Nice doc. Still reading through it, but keep getting interrupted at work. doh!
I actually had a lot of fun with this, and already have ideas for some other topics. I'm thinking of doing a doc series in the same vein as the
C++ FAQ LITE, but for nesdev. You can sort of tell I even drifted into that style midway through the doc (the topics start turning into questions)
Anyway glad you guys liked it. I'll probably redraft this and organize it better. This actually started as a .txt document and then I quickly converted to html (which is why there's some oddities -- like **emphasis** instead of
emphasis)
Please fix the ''6502 Code'' stuff in that document, it's a tiny mess!
other than that, it's a nice document
This good be a nice candidate for the getting started section of the new wiki (if it ever sees the light of day).
Would it be an issue to post the content on it once it become available?
Wouldn't be an issue at all. I'm actually reformatting, reorganizing, and touching it up now. Will be a lot nicer, but will take me a while.
Anyway, yeah, go ahead and use that however you want.
Disch wrote:
Wouldn't be an issue at all. I'm actually reformatting, reorganizing, and touching it up now. Will be a lot nicer, but will take me a while.
Anyway, yeah, go ahead and use that however you want.
Great then. I will be more than happy to mention the source since I think that even thought were fighting right now for the license for the content, mentioning who made it doesn't hurt (my stance on the matter). I think it's important to at least mention the people that did the effort to offer such nice content in the first place.
I'm reading it at the moment while working, eh, I mean "while taking my break at work" (Of course boss! I'm studying some "new" design pattern
) and I like it. I like the example of data structure for the buffer (even thought we don't have to use them like you mentioned) since as a new programmer for the platform, you don't know yet how to do things unless you see those sample and try it for yourself after or have experience for a similar platform/way of programming. This make me things differently on how to do things and I like it. I never saw a "how to" like that for the nes before and this is great news.
Good work!
Thanks, Disch. This is great for the slow learners like me.

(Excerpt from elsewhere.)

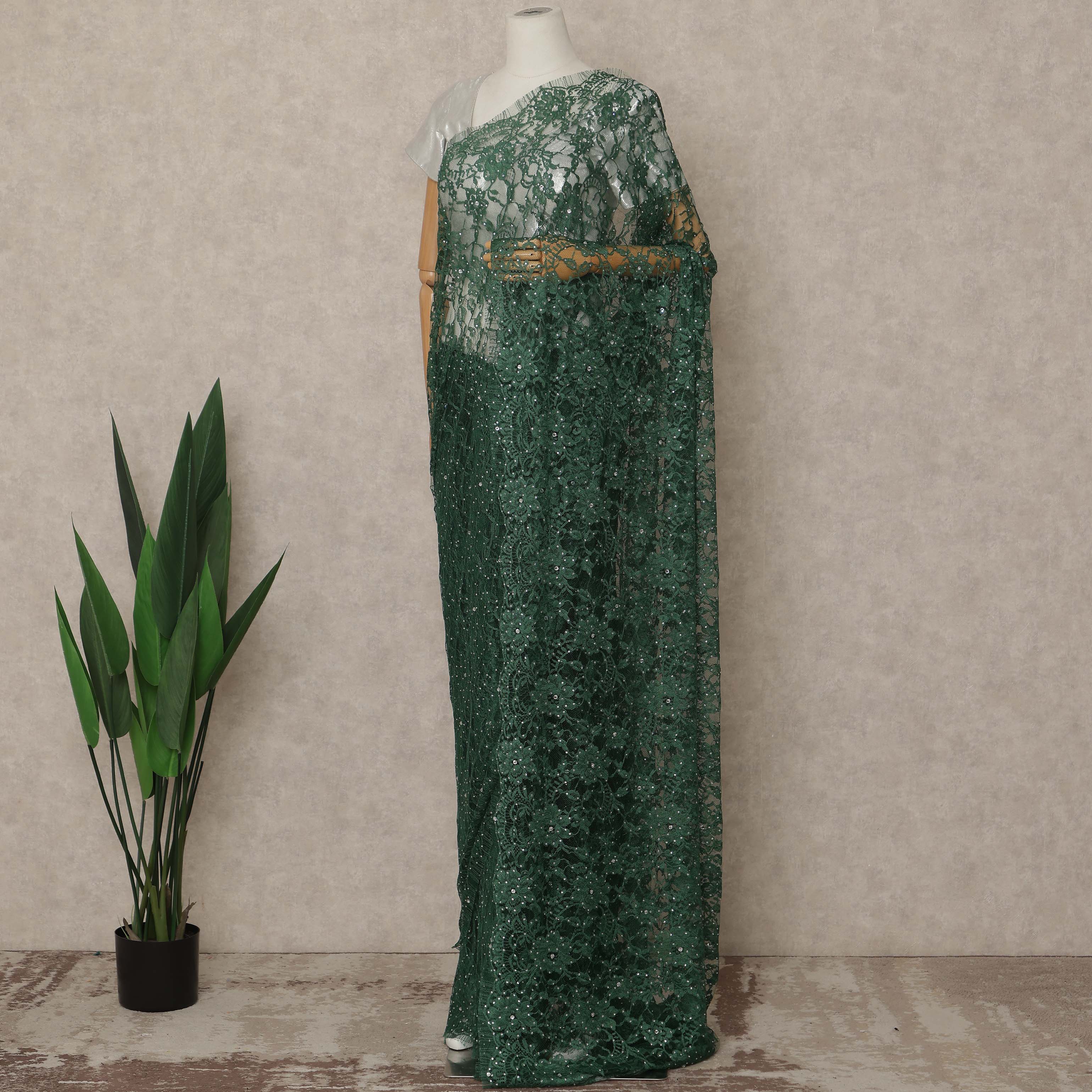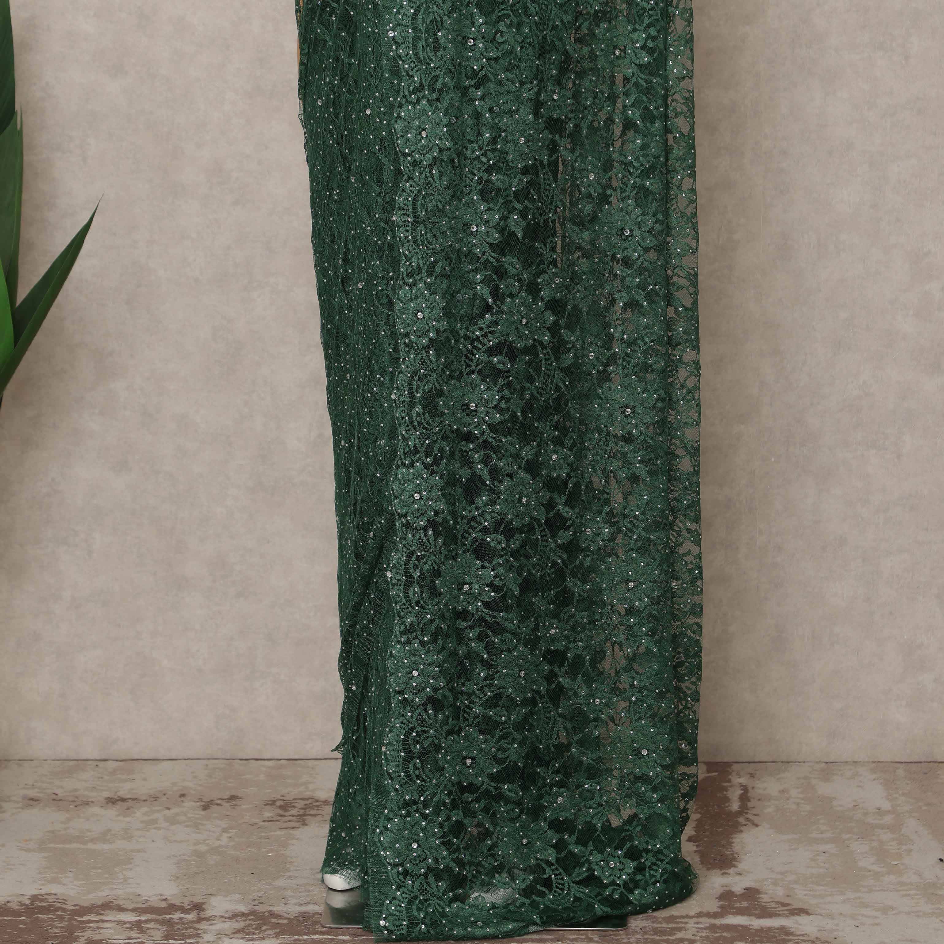 Emerald Green Premium French Chantilly Saree Lace With Stone Work 5.5 Mtrs Length 110 Cms Width Designer Net Fabric Made In France, Blouse Not Included-D28131

awesome document! Thanks a lot Disch.
http://nesdevhandbook.googlepages.com/index.html
It's a start! We'll see how much I can actually get done before getting bored and moving on. XD
Great ! What are the handbook's chapters to come ?
I guess
what I wrote about raster effects could be a chapter (
html version with demoes).
Other chapters should incude about hardware, PPU fetches, cart types, etc... Probably basic algorithm about how to make a game, collision detection, how to encode maps, basic compression suff.
Yeah I was thinking about stuff like that. OAM cycling, compression are things I was already thinking about. I like the idea of touching on collision detection too.
ooo lots of potential here
instead of doing it all in HTML you might consider doing it wiki-style.. especially if it might end up on the future nesdev wiki
Disch wrote:
OAM cycling, compression are things I was already thinking about. I like the idea of touching on collision detection too.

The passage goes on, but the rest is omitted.